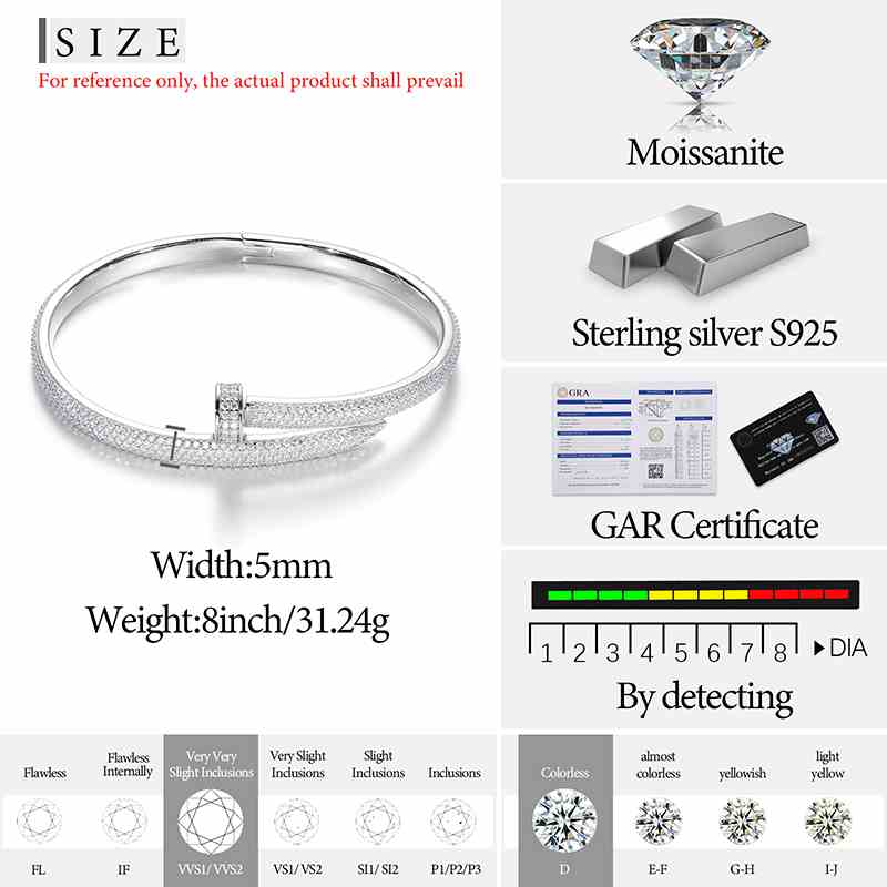 Material: 925 Sterling SilverStone Type: D Color VVS1 MoissanitePlating: White Gold, Rose GoldStone Cut: Round Brilliant CutStone Setting: Prong SettingPackage... Read more
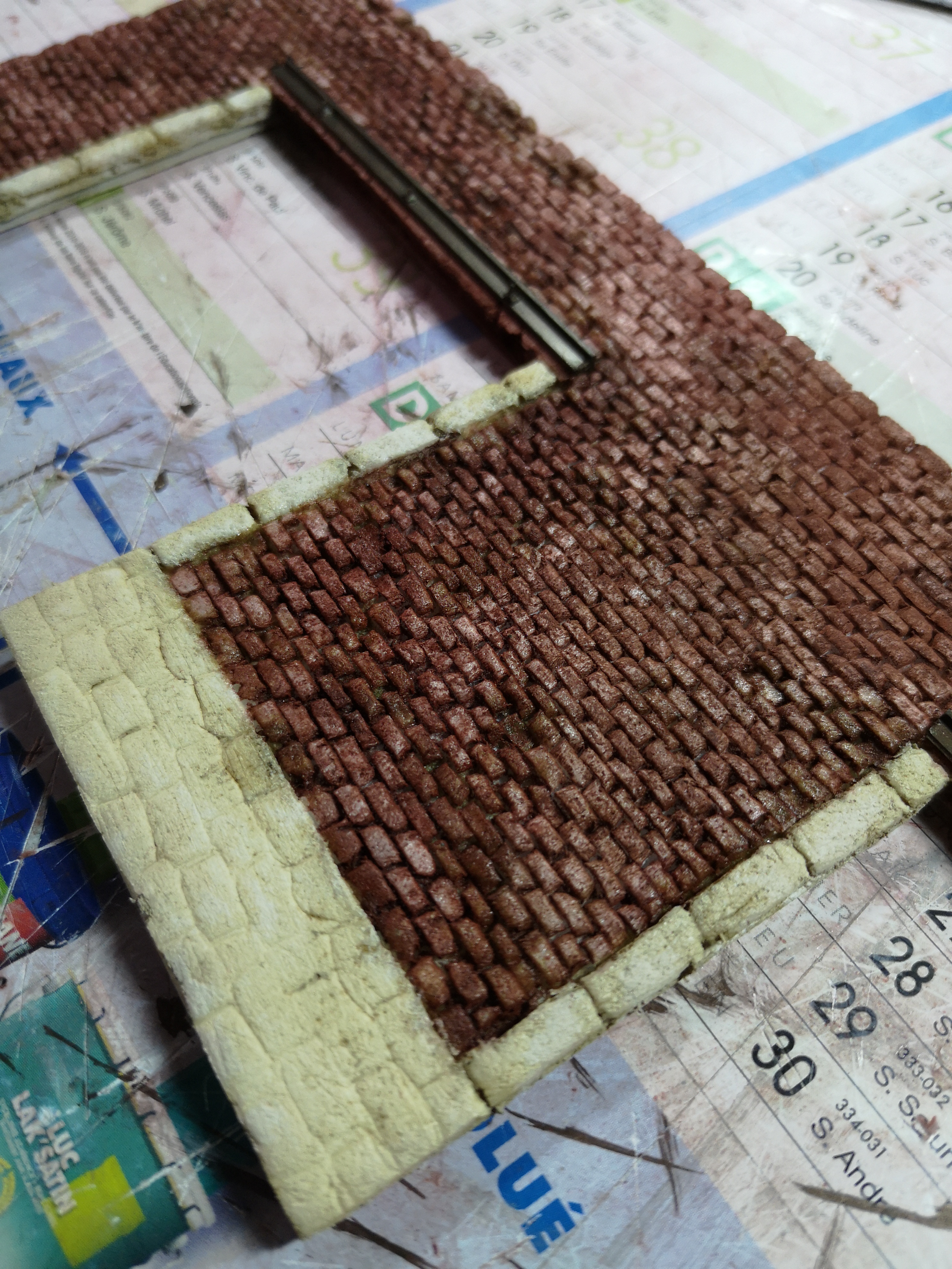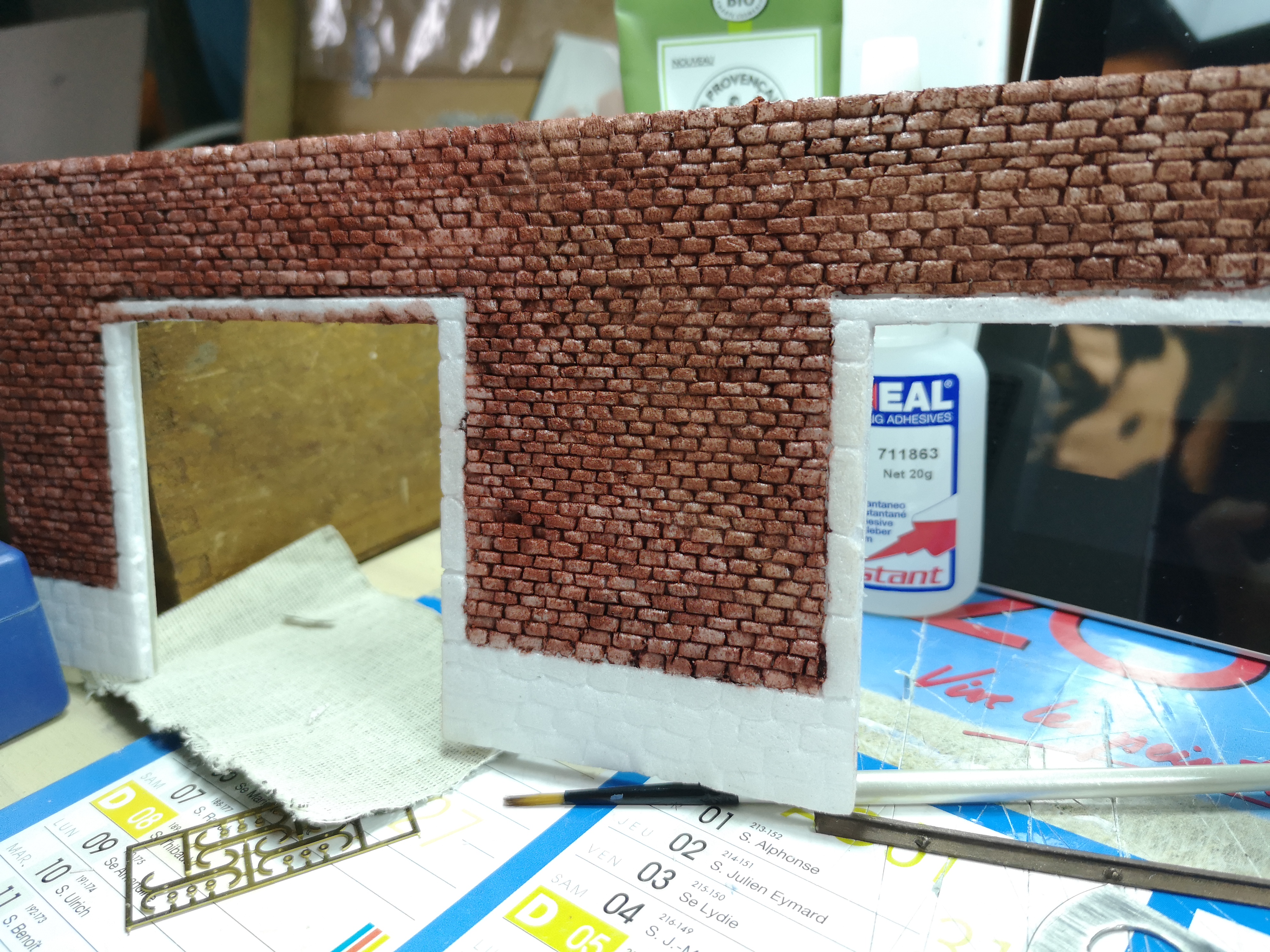 Alice j'ai réalisé sur mon module de Noël des mûrs en briques sur DEPRON, les joints sont très blancs mais dans la réalité cela existe aussi :!:
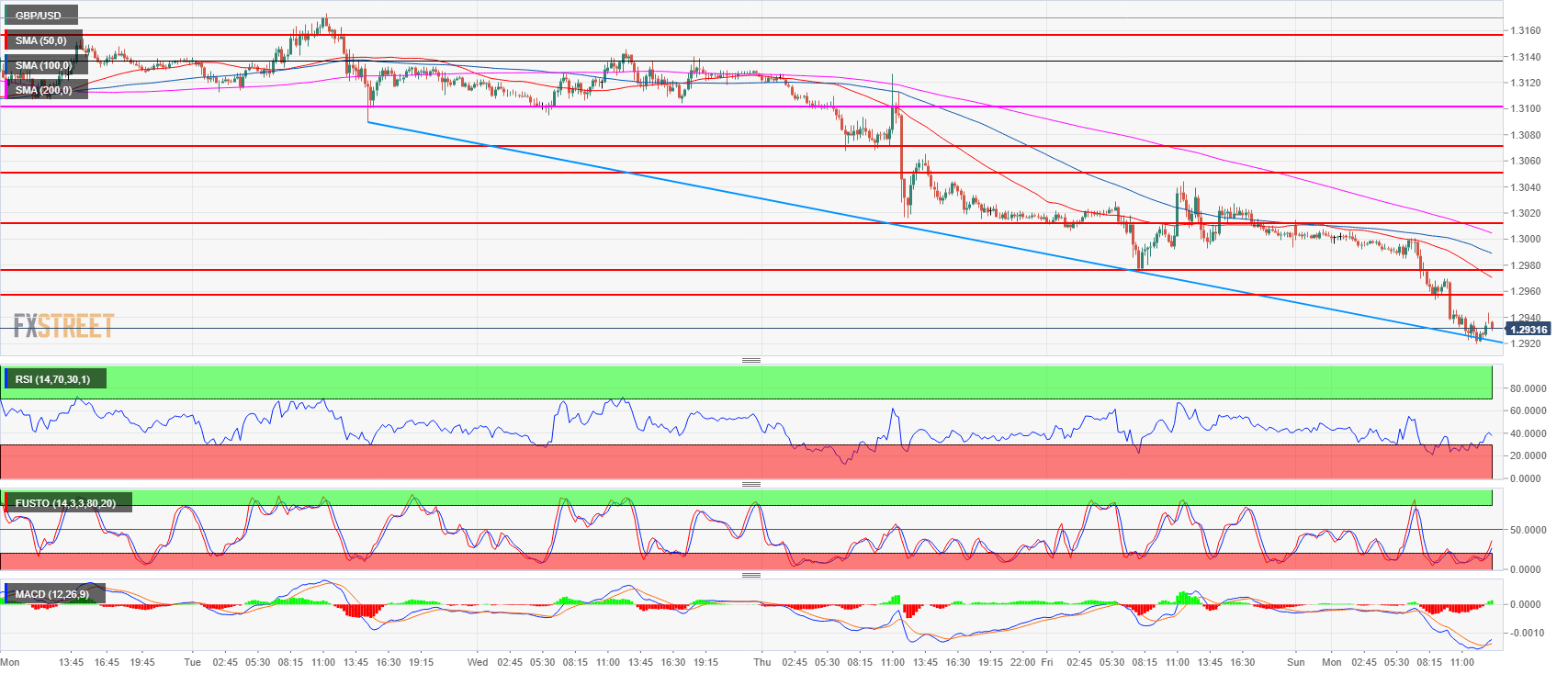 - GBP/USD is starting the week with an 80-pip sell-off to 1.2920 breaking below the former 2018 low at 1.2957.
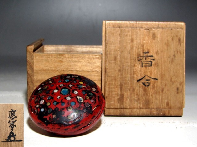 - 遠州流九代宗本造 香合「月見草」趣ある景色の逸品☆z719
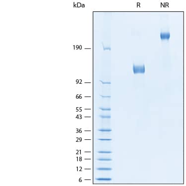 2 μg/lane of Recombinant Human IL-31RA Fc Chimera Protein (Catalog # 11028-IL) was resolved with SDS-PAGE under reducing (R) and non-reducing (NR) conditions and visualized by Coomassie® Blue staining, showing bands at 114-131 kDa and 130-160 kDa, respectively.Formulation, Preparation and Storage
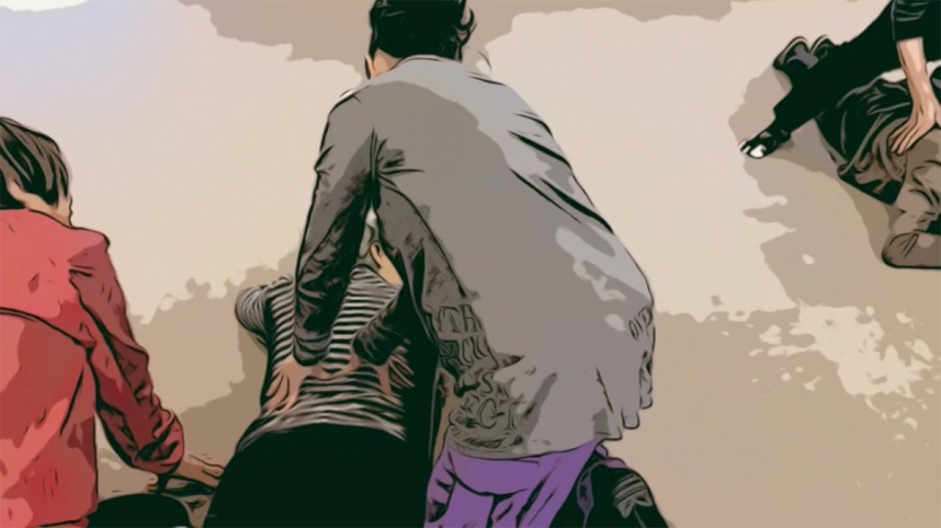 立って歩く人間にとって、腰背部は一番疲れの出やすい場所。パートナーにうつ伏せになってもらって、マッサージを始める。肩→背中→腰の順にゆっくりじっくり手のひらで押したり、さすったりしていく。神経の緊張がほぐれ、心が落ちついていくのがわかる。
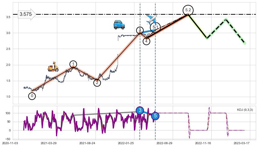 ➣ 5.1: 预测当前第5浪位置(2022-04-27, 3.090),仍然有上升空间
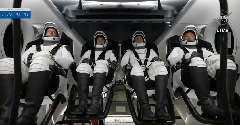 "C'est génial d'être de retour dans l'espace", a lancé Shane Kimbrough lors de l'entrée en orbite. Les astronautes, qui ont tous déjà été dans l'espace, étaient visibles grâce à une caméra embarquée dans leur vaisseau Dragon.
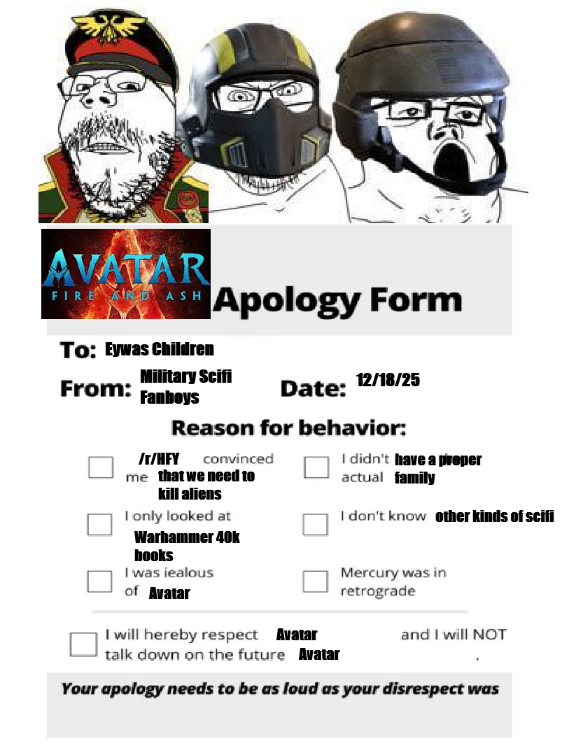 >>153236447Even if not an Avatar fan, I always commend alien focused media and especially making HFY dorks seethe. Honestly I wish had more alien focused stories or just stuff with alien leads that aren't just recoloured humans, Shakara is pretty good for that and District 9 is also pretty solid.
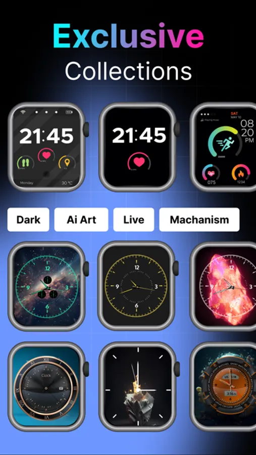 The watch faces app consists of an unparalleled collection of high-quality watch faces that are specifically designed for smartwatches. From sleek and minimal designs to bold, funky, and colorful patterns, our app contains a watch face that can surely suit your style and preference.
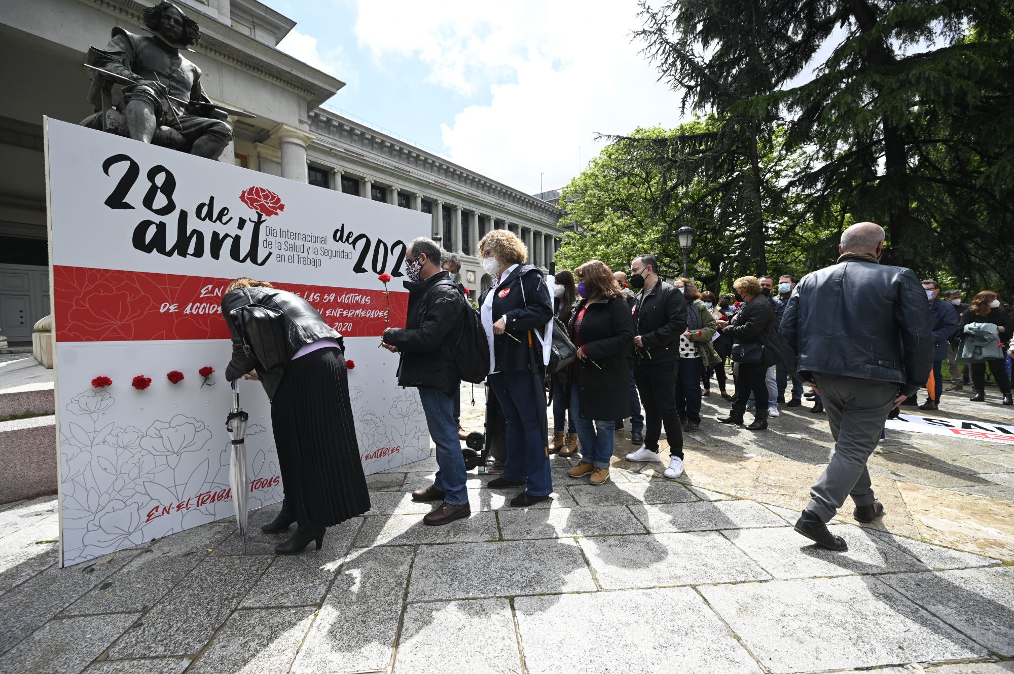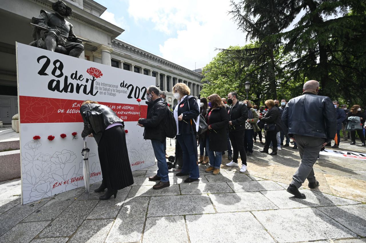 Los sindicatos CCOO y UGT se han concentrado este miércoles en memoria de las víctimas de los accidentes laborales registrados en la región con motivo del Día Mundial de la Seguridad y la Salud en el Trabajo. El acto se ha desarrollado frente a la estatua de Velázquez del Museo del Prado.
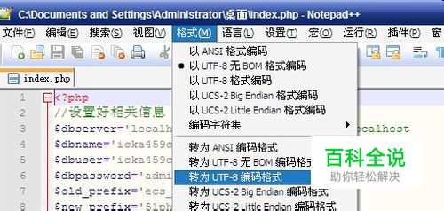 保存文件,最好是修改文件的编码为utf8,Notepad++修改为utf-8的方法为工具栏-格式-修改为utf8编码格式。
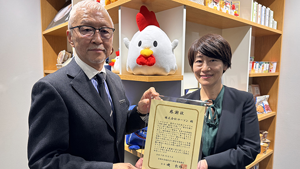 同日、ローソン本社(東京都品川区)を訪れた経営協の磯彰格会長は「今回の取り組みは普段から社会課題の解決に取り組んでいる我々にとって大きな励みとなった」と述べた。
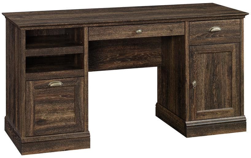 Time to get down to business with this executive desk from the Barrister Lane collection. Its spacious tabletop surface provides you with room for all your must have office essentials – laptop, notebooks, décor, and of course your favorite coffee mug. This handsome desk features two storage drawers that open and close on smooth metal runners. It also includes a lower file drawer with full extension slides to accommodate letter-size hanging files so you can keep organized and clutter free! Behind the door is a hidden storage area that includes an adjustable shelf for all your additional storage needs. It also features open cubbyhole storage with an adjustable shelf for all your easy access office items. Finished on all sides in a stunning Iron Oak and accented with gold hardware, this good looking desk will have you motivated and feeling like a top executive.
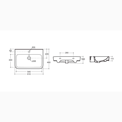 Ширина, мм610Глубина, мм460Высота, мм160КоллекцияМатериалфарфорФормапрямоугольнаяМонтажподвесной, на пьедесталЦветбелыйГарантия5 летОтверстие для смесителядаГабариты упаковки (ширина-глубина-высота)630х226х527Вес единицы:18.80Производитель:КераминПоверхность:Глянцевая
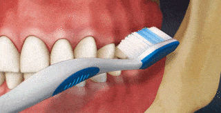 要将牙刷斜 45 度朝向牙龈,放在牙齿和牙龈交界处。
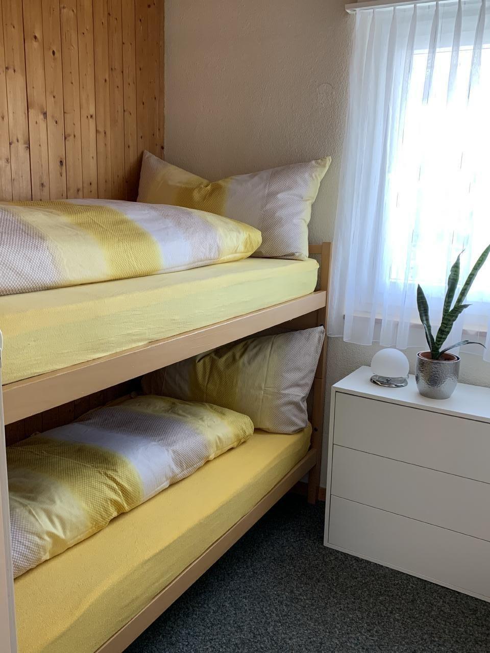 Our house, which comprises two holiday flats, is situated in a sunny and quiet location on the edge of the village of Sörenberg. Both flats are simple but well-kept and classified with 2 stars. This larger flat has three bedrooms, a cosy living/dining area and a separate kitchen and can accommodate up to 5 people. The two smaller bedrooms have folding doors. The entire house is ideal for two families of friends who want to spend their holidays together.
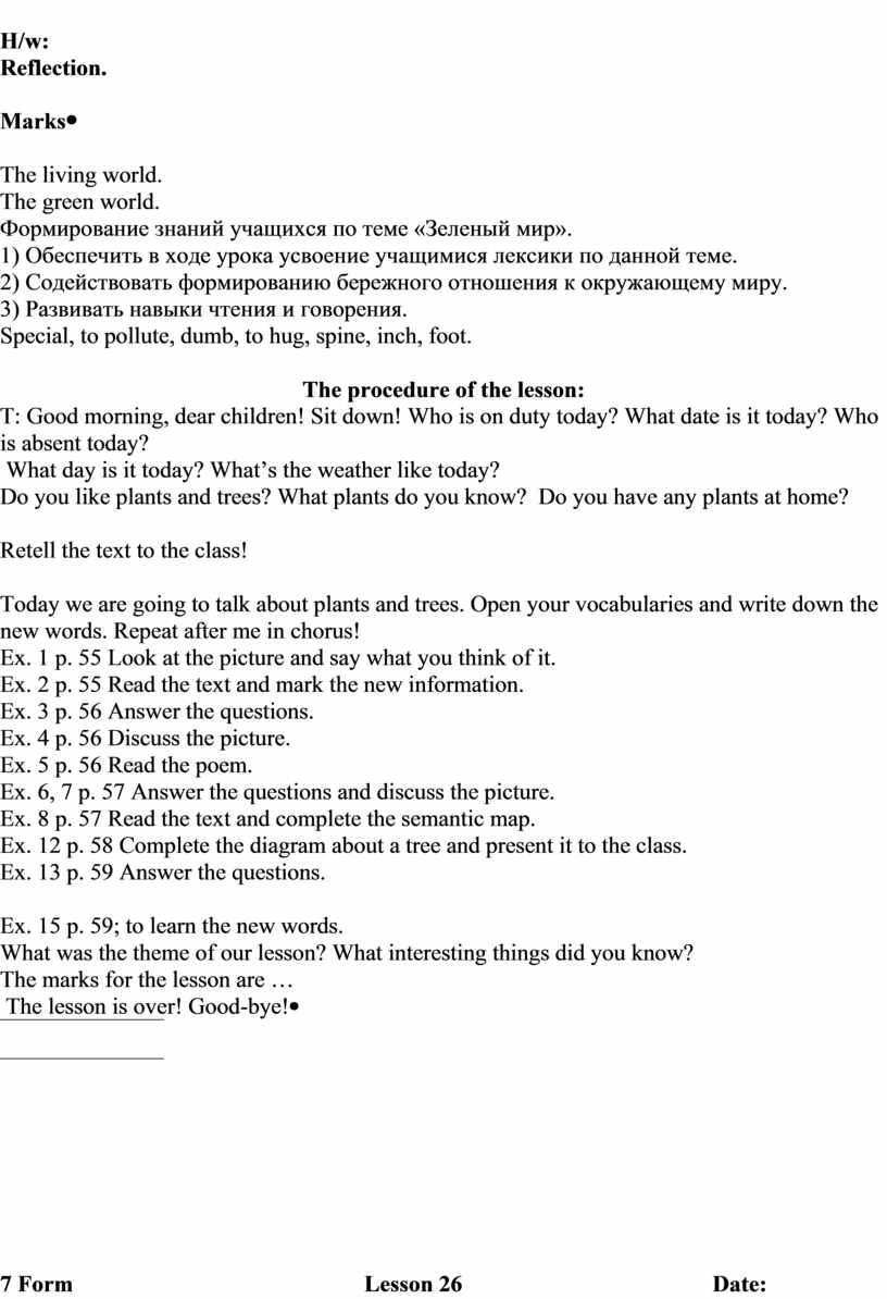Today we are going to talk about plants and trees. Open your vocabularies and write down the new words. Repeat after me in chorus! Ex. 1 p. 55 Look at the picture and say what you think of it. Ex. 2 p. 55 Read the text and mark the new information. Ex. 3 p. 56 Answer the questions. Ex. 4 p. 56 Discuss the picture. Ex. 5 p. 56 Read the poem. Ex. 6, 7 p. 57 Answer the questions and discuss the picture. Ex. 8 p. 57 Read the text and complete the semantic map. Ex. 12 p. 58 Complete the diagram about a tree and present it to the class. Ex. 13 p. 59 Answer the questions.

::::

What you write out is the stretch of entries from the line containing "2 μg/lane of" to the line containing "The watch faces", word for word, with both end lines and no pictures.

**Response to this exercise:**
 2 μg/lane of Recombinant Human IL-31RA Fc Chimera Protein (Catalog # 11028-IL) was resolved with SDS-PAGE under reducing (R) and non-reducing (NR) conditions and visualized by Coomassie® Blue staining, showing bands at 114-131 kDa and 130-160 kDa, respectively.Formulation, Preparation and Storage
 立って歩く人間にとって、腰背部は一番疲れの出やすい場所。パートナーにうつ伏せになってもらって、マッサージを始める。肩→背中→腰の順にゆっくりじっくり手のひらで押したり、さすったりしていく。神経の緊張がほぐれ、心が落ちついていくのがわかる。
 ➣ 5.1: 预测当前第5浪位置(2022-04-27, 3.090),仍然有上升空间
 "C'est génial d'être de retour dans l'espace", a lancé Shane Kimbrough lors de l'entrée en orbite. Les astronautes, qui ont tous déjà été dans l'espace, étaient visibles grâce à une caméra embarquée dans leur vaisseau Dragon.
 >>153236447Even if not an Avatar fan, I always commend alien focused media and especially making HFY dorks seethe. Honestly I wish had more alien focused stories or just stuff with alien leads that aren't just recoloured humans, Shakara is pretty good for that and District 9 is also pretty solid.
 The watch faces app consists of an unparalleled collection of high-quality watch faces that are specifically designed for smartwatches. From sleek and minimal designs to bold, funky, and colorful patterns, our app contains a watch face that can surely suit your style and preference.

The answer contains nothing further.